Know your customers and embrace them. They can be a great source of inspiration and innovation. A positive relationship with your customer is the surest way to safeguard yourself in times of change.

Step 4: Beat Your Own Drum

IT professionals can teach others, but they can also learn a lot from others within the business. Specifically, IT can learn much from the colleagues in marketing.

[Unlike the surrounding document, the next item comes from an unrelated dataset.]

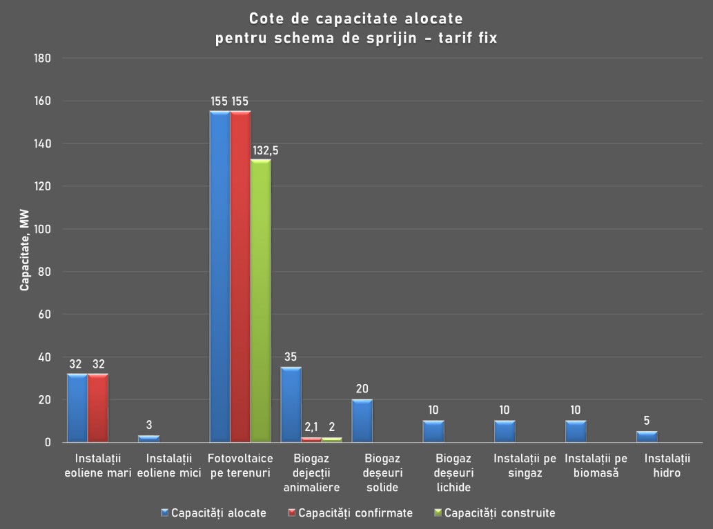 Astfel, în scopul încurajării potențialilor investitori au fost aplicate scheme de sprijin în conformitate cu Legea nr. 10/2016 privind promovarea utilizării energiei din surse regenerabile care presupun acordarea unor tarife/prețuri fixe pentru energia produsă din surse regenerabile. Statutul de producător eligibil este confirmat de către ANRE în limita cotelor de capacitate aprobate de Guvern pentru diferite tipuri de instalații de generare. Primele limite de capacitate, valabile până în anul 2020, au fost stabilite prin Hotărârea Guvernului nr. 689/2018, iar ulterior, prin Hotărârii Guvernului nr. 401/2021 s-au stabilit noi limite, valabile până 31 decembrie 2025.

Their stock-in-trade is messaging and communication.

The single most powerful e-mail I’ve ever seen from an IT manager was a marketing message. Knowing how busy, productive and passionate his team was, he sent a company-wide e-mail that explained to the company exactly what his team accomplished during the past month. The e-mail included detailed statistics like IT blocked X number of spam e-mails, and moved a datacenter with only two hours of e-mail and line-of-business system downtime.

Not a single person on the receiving end of the e-mail was annoyed. Instead, everyone was stunned at the amazing work the IT team had quietly accomplished behind the scenes. There were unprecedented kudos for the IT team following that message.

Step 5: Lead with Passion

Approach your job and your career growth with unparalleled intensity and passion. You’ll find that attitude is infectious. More importantly, by displaying such enthusiasm, you’ll defeat the unfair and nearly ubiquitous stereotype of the IT professional as “functional,” but low in emotional or social intelligence.

You’ll soon find yourself in the role of a real leader. That role and posture is a pleasant change from the defensive or reactive position in which IT often finds itself.

Step 6: Improve. Rinse and Repeat

The learning and growing is a constant process. Never become complacent. Never think that going through these five steps only once will yield huge results.

Get better at each step, each time with a larger framework in mind. You’ll soon find yourself transcending your earlier state, looking forward to the future and thoroughly enjoying the present.

Career management might appear to be a luxury in the constantly busy world of IT. Managing your career should never be consigned to the back burner, though. The role of the IT professional has changed dramatically in the last 10 years, with new technologies, new management structures and economic turbulence conspiring to create a time of both opportunity and nervousness. You need to ensure you’re spending time doing things that will truly help you reach your potential.

Romi Mahajan

Romi Mahajan is president of KKM Group. Prior to joining KKM, Mahajan was chief marketing officer of Ascentium Corp. A well-known speaker on the technology and media circuit, he serves on a variety of advisory boards and speaks at more than a dozen industry events per year.